The election of antisemitic Mayor Zohran Mamdani in New York, a Jewish fortress since the early 20th century, raises alarm. Many recognize similarities between the current situation of Jews and Israel in the world and the severe crisis of the Jewish people in the first half of the 20th century. The differences for the better are enormous.
The most important among them – a Jewish nation-state established itself in the land, Jews of Islamic lands were rescued from oppression and danger, and American Jews became full and prosperous members of the American nation. All these developments and advances in Jewish centers empowered Jews personally and collectively to the point where the fateful helplessness that afflicted Jews in the 1930s seemed, until recently, like a distant past. But is this past so distant and irrelevant?
No, when considering a very important characteristic of the death trap that European Jews fell into after World War I – it was then a trap from the right and from the left, and also from the center. Jews then faced fascist, Nazi, and communist enemies, and antisemitism even influenced wide circles on the right and left.
Already in the 1920s, European Jews fell into a trap – in the new antisemitic states founded in Europe after World War I, in the antisemitic turn that occurred afterward in Communist Russia in the 1930s, and in the spread of fascism and Nazism in Western and Central Europe.
If the victors in World War II had been Stalin and Hitler, and not Stalin and the West – the Holocaust would have been, God forbid, only a prelude to the complete extermination of Jews and Judaism. We have some understanding of this vision, which didn't materialize, from the fact that several years after the war, in the 1950s, Stalin planned to send Jews to extermination again – this time in Siberia, not Auschwitz. Only his death at age 74 thwarted the plot.
One must not ignore the disturbing connections between the antisemitic coalitions then and now. An alliance between Islamic antisemitism and Nazism occurred even before World War II, in Iraq and Egypt as well, not just through Hajj Amin al-Husayni, the Arab leader in the land who was Hitler's agent. And it was preceded by an alliance of communist Arabs and Jews in the land with the Arab murder campaign in 1929, shortly before Stalin launched an antisemitic campaign in Russia.

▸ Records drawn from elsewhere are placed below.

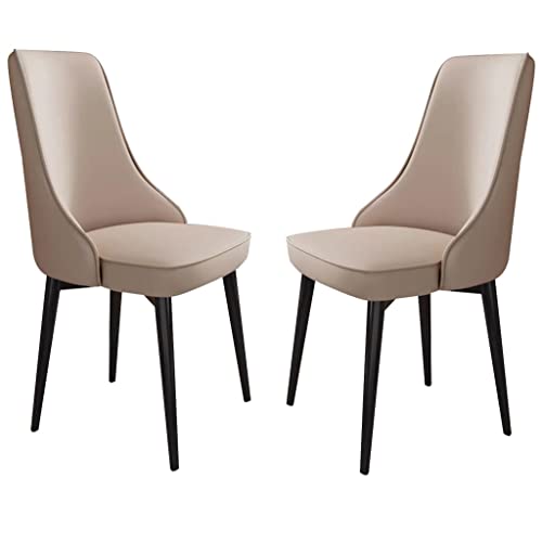 Widppsopt Dining Chairs Artificial Leather KitchenSet of 2 Bedroom Room Balcony Sofa Chair with Carbon Steel Legs(Khaki,Black Feet)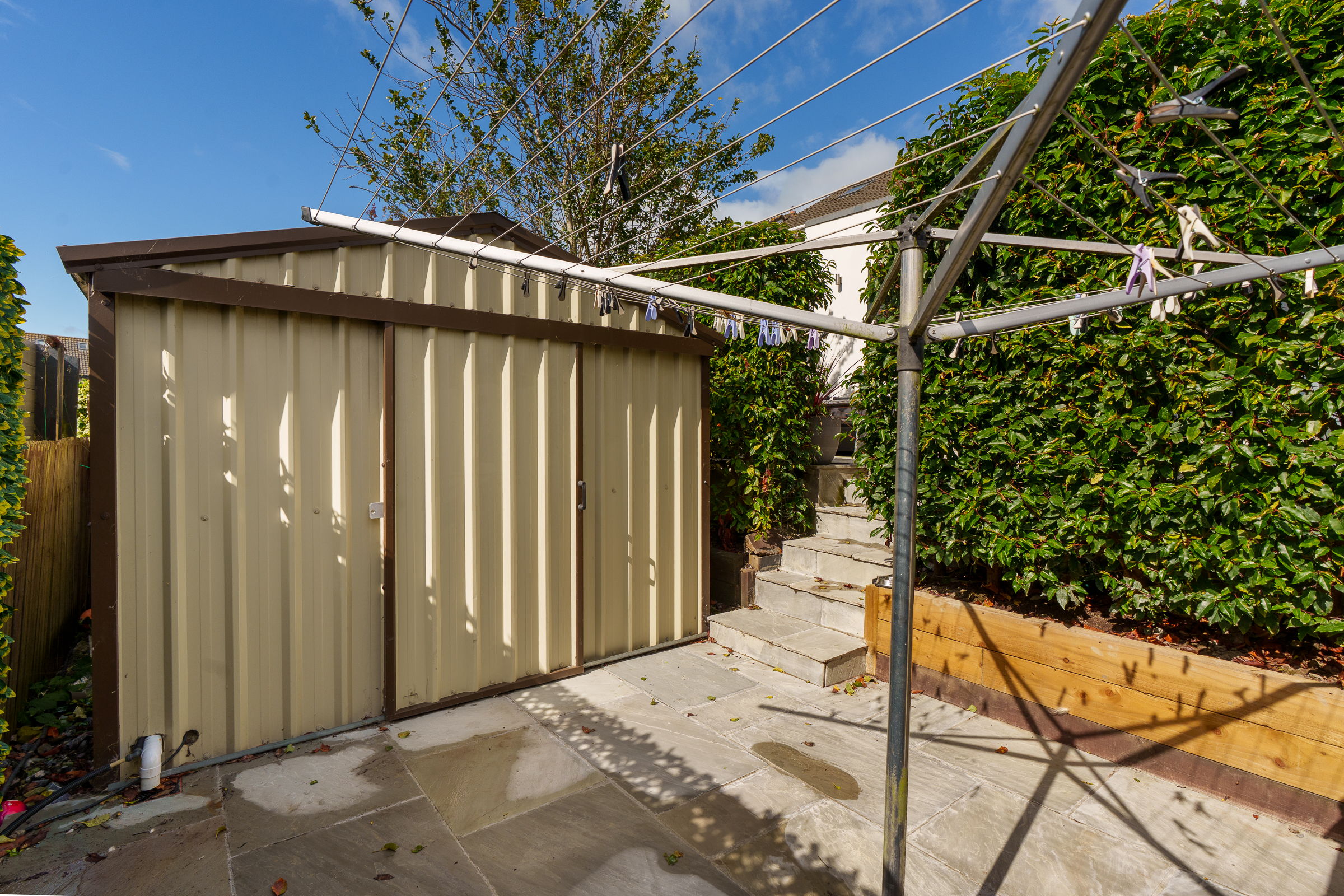 The rear of the property has been newly remodelled and is set across two levels. Steps from the main kitchen/dining/living area allow access to a limestone patio, ideal for summer entertaining, owing to the property’s sunny south facing rear aspect. Steps from the raised tier lead to a lower yard area, incorporating a Steeltech shed with plumbing, heating, electric supply, and water supply.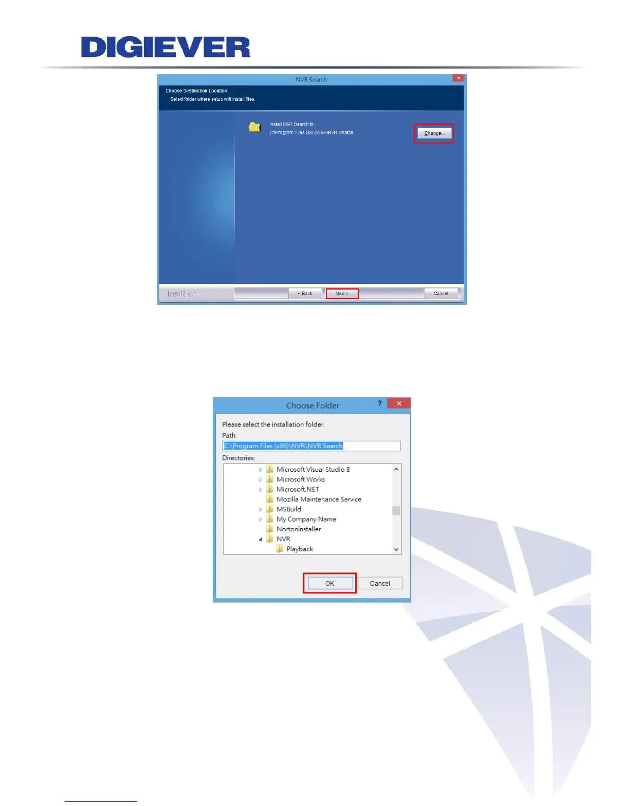 The default location is: C:\Program Files (x86)\NVR\EZ Search. Users can also install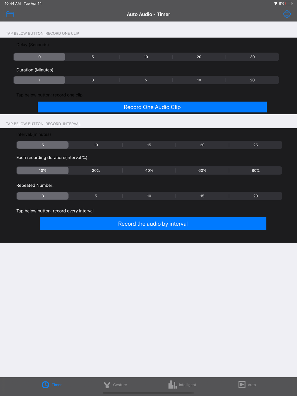 8 Repeat recording. Some times, you may need to record the sound files after the indicted duration. In the timer tab page, tap the button - record the audio by interval.

Communist antisemitism experienced a hiatus during World War II and afterward. But the hiatus ended in 1950, and communism returned and became an enemy of the State of Israel and the Jewish people in Russia and the communist bloc. Since then, there has been historical continuity in leftist antisemitism in Europe and the US, sometimes disguised as anti-Zionism "only" and sometimes as "just criticism" of Israel. The connection between the self-hating Jewish Senator Bernie Sanders and the antisemitic mayor elected in New York is a link in this chain.

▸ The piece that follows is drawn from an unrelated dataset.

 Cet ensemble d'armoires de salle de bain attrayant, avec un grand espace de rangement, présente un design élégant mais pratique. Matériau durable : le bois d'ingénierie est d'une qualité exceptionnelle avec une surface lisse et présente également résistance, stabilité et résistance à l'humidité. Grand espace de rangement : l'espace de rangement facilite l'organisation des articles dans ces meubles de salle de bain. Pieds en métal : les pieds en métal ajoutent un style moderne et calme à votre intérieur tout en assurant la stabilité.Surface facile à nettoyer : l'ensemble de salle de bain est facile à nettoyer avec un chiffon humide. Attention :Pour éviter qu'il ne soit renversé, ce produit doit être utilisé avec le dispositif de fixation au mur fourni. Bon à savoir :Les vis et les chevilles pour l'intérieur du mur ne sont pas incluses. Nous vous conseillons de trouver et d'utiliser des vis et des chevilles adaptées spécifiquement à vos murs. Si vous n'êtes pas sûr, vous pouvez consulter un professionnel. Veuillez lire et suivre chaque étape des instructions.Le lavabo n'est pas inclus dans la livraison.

"Historical pedigree" also exists for Islamic antisemitism, which fundamentally denies Jewish sovereignty or their connection to the Land of Israel, and also for the alliance between it and fascist forces in the world. Since the 1980s, it has ridden the waves of Muslim immigration to the West. But what's new now, together with the intensification of immigration, is an alliance between left and right on the basis of antisemitic propaganda and the dominance of Muslim antisemitism.

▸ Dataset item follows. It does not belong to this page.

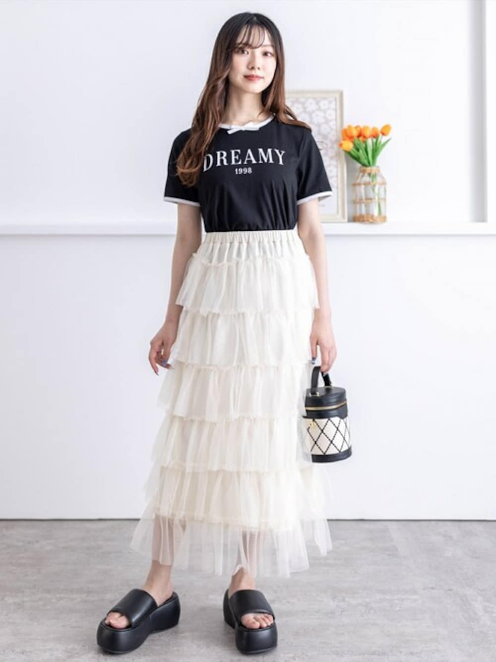 clear(クリア)(clear)のスカート「チュール6段ティアードスカート[低身長用サイズ有 大人 フェミニン]≪再入荷≫」を使ったコーディネート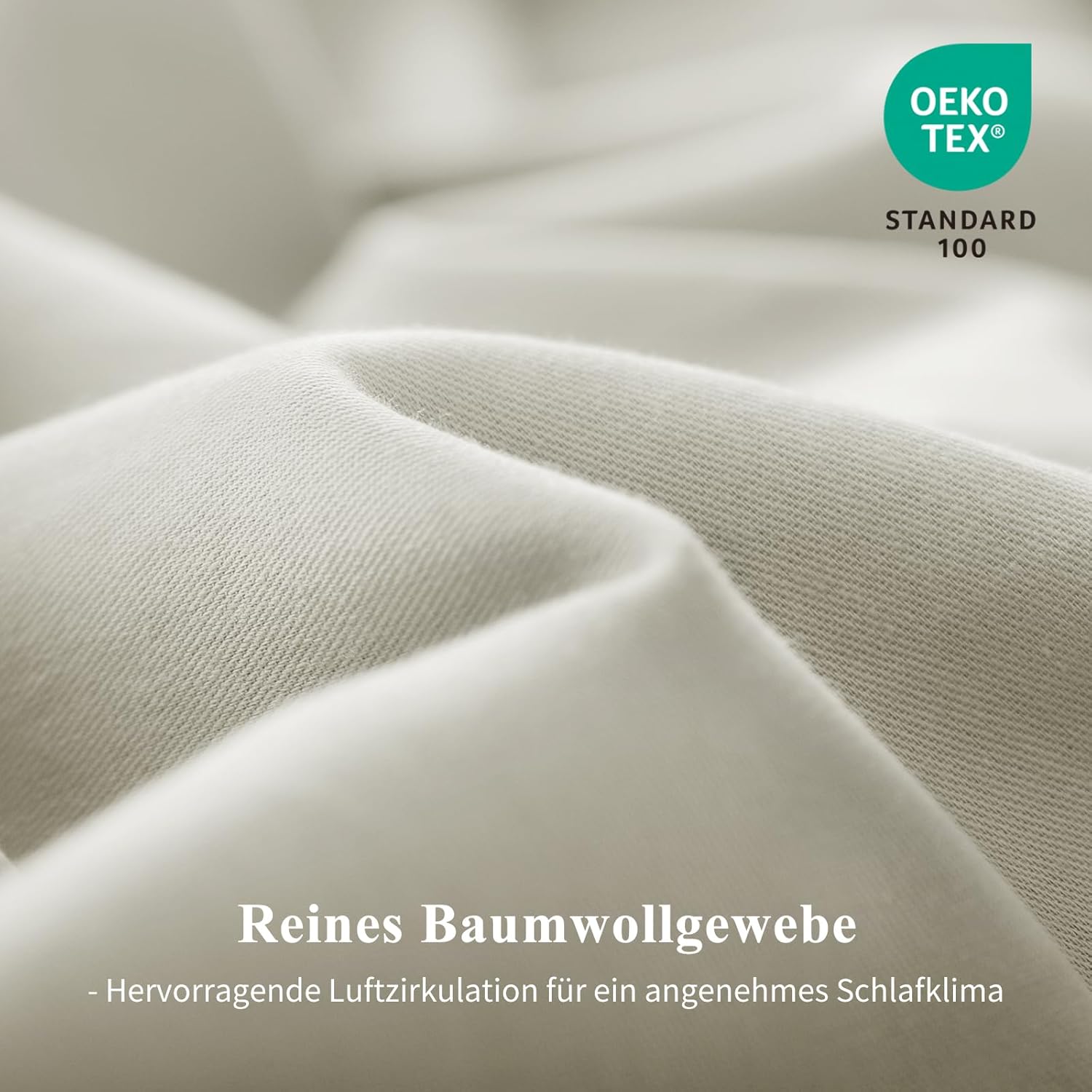 • Насладете се на спокоен нощен сън в нашето памучно спално бельо с размери 135 x 200 см (съдържание на кутията: 2 калъфа за завивки 135 x 200 см и 2 калъфки за възглавници 80 x 80 см). Естествената памучна материя прави комплекта спално бельо особено дишащ и абсорбиращ и по този начин предлага приятна среда за сън през цялата година.

Mamdani's socialists are not embarrassed when his election is celebrated with swastikas on synagogues, and Jean-Luc Mélenchon's socialists in France lean on Muslim antisemitism. This is fundamentally different from the situation in the 1930s. Then, communists and fascists were declared enemies, and communists concealed their antisemitism. Today, our enemies unite around antisemitic propaganda – socialists and social-libertarian rightists, Islamists and fascists, radical progressives and those close to power.
Therefore, the left and right here must not sink into mutual accusations regarding antisemitism, but rather understand that the enemy is multi-armed, and that we must go out against the antisemites "from our side" – the Israeli left against the Sanderses and Mélenchons of all varieties, and the right against antisemites from the circle of US Vice President JD Vance, or for example, Germany's Alternative for Germany party.